Pharmacy minister: DH will continue to align primary care contracts
Pharmacy minister Jo Churchill has pledged to continue to align primary care contracts to “incentivise collaboration” and achieve “joined-up service provision”.
The government will also continue to work with the Pharmaceutical Services Negotiating Committee (PSNC) to “develop services and referral pathways” and help achieve greater collaboration across primary care, Ms Churchill told contractors at the local pharmaceutical committee (LPC) conference in London this morning (September 25).
The five-year funding contract for pharmacy – which comes into force next week – “at long last gives continuity” to the sector, and although there is still detail to fill in, the “direction of travel is clear”, Ms Churchill said in her first public address to the sector since her appointment in August.
It outlines “an expanded role” for the sector, which “better utilises and unlocks the potential of the 11,500 pharmacy teams [in England] that are embedded within the [communities] that they serve”, she explained.

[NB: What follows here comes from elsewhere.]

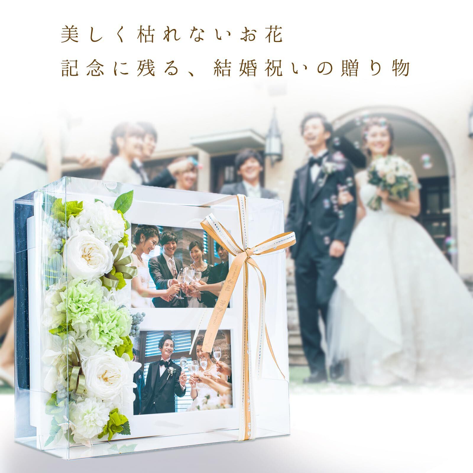プリザーブドフラワー 写真立て 結婚祝い 結婚式 両親贈呈品 結婚祝いに最適な高級ギフト ウェディング フォトフレーム プレゼント 白 ミルフィーユ・ホワイト

These are “exciting times” for primary care, Ms Churchill said, but she acknowledged that it is a “new way of working” that will “take time” for LPCs to get used to.
“We need to work hard to make sure that the public confidence in using community pharmacy continues to grow,” she added.
Other NHS organisations must also “signpost” patients into community pharmacies, to help reinforce the “pharmacy first” thinking, Ms Churchill explained.